------ Recorded data ------
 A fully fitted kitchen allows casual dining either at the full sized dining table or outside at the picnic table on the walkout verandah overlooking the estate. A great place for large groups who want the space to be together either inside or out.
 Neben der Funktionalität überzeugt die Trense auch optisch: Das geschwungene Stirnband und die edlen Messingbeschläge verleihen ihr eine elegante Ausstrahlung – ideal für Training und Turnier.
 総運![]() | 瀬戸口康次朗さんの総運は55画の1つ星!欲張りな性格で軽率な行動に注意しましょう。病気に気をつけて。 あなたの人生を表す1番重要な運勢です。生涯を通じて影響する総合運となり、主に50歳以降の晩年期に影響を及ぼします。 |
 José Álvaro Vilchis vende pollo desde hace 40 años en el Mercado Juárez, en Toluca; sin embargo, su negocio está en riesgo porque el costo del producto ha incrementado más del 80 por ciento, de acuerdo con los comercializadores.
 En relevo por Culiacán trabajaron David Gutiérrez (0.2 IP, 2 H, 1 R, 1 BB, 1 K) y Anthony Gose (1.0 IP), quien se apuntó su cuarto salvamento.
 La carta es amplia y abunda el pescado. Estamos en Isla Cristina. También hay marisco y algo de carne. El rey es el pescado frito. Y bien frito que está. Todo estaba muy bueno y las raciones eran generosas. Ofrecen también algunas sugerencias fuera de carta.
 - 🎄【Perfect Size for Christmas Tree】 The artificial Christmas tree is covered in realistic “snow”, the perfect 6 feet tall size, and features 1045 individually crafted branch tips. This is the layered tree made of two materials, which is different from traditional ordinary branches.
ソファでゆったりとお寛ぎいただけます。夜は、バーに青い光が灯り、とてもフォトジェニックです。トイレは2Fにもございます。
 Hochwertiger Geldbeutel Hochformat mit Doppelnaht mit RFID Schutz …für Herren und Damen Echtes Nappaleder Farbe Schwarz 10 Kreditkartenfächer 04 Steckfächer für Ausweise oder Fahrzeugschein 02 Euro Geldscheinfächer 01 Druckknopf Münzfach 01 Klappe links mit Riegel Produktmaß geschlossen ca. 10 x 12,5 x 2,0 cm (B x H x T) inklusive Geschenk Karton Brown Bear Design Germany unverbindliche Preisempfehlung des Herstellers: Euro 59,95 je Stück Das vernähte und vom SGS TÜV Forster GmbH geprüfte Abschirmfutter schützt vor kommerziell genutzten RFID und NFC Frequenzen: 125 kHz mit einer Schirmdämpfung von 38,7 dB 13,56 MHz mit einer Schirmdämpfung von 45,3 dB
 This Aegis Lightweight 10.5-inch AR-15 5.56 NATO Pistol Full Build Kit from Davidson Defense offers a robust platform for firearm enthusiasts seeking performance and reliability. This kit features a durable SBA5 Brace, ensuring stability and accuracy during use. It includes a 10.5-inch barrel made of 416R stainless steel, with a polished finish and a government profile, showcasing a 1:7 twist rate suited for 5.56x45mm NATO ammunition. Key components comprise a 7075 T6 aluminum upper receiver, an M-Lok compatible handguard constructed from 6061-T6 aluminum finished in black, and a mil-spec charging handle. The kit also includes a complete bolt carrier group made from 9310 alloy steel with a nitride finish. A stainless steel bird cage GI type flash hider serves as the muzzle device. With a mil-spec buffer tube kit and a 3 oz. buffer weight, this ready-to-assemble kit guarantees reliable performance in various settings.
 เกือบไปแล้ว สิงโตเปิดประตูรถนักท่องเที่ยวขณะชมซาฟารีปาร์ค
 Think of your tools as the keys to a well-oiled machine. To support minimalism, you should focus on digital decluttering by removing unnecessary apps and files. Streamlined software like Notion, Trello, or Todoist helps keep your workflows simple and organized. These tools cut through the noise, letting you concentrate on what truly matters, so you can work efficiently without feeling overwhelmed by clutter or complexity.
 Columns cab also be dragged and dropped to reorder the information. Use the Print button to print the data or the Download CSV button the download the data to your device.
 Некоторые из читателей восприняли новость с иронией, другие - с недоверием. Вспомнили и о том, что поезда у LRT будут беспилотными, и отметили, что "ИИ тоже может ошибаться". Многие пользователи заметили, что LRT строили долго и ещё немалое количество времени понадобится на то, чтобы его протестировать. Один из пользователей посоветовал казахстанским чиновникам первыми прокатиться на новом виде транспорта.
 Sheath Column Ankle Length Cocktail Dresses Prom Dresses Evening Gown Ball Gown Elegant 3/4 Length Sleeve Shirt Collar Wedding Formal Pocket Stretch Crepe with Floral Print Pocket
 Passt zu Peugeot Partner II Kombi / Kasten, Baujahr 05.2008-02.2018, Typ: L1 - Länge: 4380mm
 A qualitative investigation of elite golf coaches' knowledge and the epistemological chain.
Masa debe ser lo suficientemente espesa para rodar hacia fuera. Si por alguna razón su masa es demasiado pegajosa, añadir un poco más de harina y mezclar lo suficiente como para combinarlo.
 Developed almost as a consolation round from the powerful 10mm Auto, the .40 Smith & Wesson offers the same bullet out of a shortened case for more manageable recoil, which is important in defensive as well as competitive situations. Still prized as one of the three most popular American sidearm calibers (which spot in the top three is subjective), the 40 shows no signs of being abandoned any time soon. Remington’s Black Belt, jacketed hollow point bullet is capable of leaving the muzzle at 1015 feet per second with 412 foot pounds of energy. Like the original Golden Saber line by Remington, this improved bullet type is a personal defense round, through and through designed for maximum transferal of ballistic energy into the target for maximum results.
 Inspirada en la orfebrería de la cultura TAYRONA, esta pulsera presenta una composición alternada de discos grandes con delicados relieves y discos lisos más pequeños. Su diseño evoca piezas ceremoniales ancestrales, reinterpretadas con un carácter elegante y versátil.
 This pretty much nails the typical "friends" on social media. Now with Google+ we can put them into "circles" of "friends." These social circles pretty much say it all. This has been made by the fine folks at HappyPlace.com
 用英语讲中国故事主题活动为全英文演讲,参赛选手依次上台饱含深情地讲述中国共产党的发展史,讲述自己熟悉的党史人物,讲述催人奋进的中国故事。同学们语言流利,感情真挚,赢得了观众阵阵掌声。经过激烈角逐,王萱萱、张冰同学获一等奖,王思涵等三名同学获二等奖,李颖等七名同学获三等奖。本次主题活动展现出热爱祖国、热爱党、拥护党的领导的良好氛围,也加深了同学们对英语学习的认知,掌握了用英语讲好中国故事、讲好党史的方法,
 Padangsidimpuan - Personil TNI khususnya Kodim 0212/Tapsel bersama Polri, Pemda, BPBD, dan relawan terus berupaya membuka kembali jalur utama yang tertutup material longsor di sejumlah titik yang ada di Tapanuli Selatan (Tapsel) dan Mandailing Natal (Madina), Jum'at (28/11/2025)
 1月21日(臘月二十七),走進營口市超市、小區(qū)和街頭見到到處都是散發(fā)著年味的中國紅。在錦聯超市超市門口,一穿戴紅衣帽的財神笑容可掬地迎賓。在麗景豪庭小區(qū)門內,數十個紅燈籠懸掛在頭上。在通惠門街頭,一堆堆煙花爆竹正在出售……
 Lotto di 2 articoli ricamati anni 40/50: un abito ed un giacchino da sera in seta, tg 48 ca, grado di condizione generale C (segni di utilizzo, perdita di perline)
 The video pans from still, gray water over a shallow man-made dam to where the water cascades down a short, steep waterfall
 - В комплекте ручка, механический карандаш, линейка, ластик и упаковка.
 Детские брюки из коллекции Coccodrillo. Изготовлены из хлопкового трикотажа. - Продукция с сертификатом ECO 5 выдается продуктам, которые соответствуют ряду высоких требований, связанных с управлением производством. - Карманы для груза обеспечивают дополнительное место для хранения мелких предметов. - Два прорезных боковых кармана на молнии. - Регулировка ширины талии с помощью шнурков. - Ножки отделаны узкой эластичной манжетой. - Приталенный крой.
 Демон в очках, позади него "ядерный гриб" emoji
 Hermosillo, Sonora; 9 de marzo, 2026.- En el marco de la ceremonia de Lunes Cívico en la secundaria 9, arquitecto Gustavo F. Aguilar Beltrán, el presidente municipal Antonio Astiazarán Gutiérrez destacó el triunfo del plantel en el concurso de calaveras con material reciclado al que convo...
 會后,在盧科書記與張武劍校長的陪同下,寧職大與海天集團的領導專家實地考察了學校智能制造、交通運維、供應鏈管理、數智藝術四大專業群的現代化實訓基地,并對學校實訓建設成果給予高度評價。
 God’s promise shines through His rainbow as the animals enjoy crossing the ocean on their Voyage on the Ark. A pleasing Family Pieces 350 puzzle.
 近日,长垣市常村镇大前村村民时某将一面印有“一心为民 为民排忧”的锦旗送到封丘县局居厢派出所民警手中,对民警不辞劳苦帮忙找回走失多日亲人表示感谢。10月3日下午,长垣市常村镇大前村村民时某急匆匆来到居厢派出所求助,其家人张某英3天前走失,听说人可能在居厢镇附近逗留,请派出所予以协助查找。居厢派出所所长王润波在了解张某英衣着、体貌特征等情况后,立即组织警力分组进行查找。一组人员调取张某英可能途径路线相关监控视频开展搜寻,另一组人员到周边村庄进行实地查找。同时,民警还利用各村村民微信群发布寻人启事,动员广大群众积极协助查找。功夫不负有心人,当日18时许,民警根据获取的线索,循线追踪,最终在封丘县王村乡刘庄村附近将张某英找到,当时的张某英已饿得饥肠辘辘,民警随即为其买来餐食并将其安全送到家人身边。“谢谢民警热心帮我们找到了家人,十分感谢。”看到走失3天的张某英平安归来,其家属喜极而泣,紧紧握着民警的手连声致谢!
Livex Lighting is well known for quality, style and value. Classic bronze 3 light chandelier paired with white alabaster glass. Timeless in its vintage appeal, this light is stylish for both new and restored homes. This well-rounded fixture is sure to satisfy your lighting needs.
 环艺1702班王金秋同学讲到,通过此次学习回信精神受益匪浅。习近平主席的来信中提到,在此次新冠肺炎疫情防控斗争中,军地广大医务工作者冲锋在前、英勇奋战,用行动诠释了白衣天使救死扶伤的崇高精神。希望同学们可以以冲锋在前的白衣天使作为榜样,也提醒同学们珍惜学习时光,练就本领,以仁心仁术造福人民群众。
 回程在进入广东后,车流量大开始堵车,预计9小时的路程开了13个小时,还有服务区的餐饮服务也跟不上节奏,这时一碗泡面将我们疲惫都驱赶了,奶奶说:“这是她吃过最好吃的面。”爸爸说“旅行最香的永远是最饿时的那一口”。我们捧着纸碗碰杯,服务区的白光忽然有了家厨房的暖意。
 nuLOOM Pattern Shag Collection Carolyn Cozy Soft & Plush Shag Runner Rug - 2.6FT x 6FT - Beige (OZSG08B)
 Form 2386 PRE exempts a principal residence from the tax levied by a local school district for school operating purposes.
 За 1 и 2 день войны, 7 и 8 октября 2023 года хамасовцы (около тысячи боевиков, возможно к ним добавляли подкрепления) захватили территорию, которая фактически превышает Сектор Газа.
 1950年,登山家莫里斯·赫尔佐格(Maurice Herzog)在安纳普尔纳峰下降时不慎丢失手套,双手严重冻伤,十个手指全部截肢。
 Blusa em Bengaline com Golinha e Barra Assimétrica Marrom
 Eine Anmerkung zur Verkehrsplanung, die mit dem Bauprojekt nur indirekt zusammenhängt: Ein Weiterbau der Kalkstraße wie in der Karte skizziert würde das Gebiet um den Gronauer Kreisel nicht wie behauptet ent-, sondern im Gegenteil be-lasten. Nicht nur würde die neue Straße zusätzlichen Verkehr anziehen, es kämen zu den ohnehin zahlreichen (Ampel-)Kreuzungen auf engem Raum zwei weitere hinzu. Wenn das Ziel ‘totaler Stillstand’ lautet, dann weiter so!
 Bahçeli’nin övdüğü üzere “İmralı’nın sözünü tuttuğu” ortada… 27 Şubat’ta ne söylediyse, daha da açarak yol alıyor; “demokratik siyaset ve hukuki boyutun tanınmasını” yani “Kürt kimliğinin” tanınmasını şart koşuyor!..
------
== Your assignment ==
Which of the lines above hold the string "fuera"? Copy each one.

== Written solution ==
 La carta es amplia y abunda el pescado. Estamos en Isla Cristina. También hay marisco y algo de carne. El rey es el pescado frito. Y bien frito que está. Todo estaba muy bueno y las raciones eran generosas. Ofrecen también algunas sugerencias fuera de carta.
Masa debe ser lo suficientemente espesa para rodar hacia fuera. Si por alguna razón su masa es demasiado pegajosa, añadir un poco más de harina y mezclar lo suficiente como para combinarlo.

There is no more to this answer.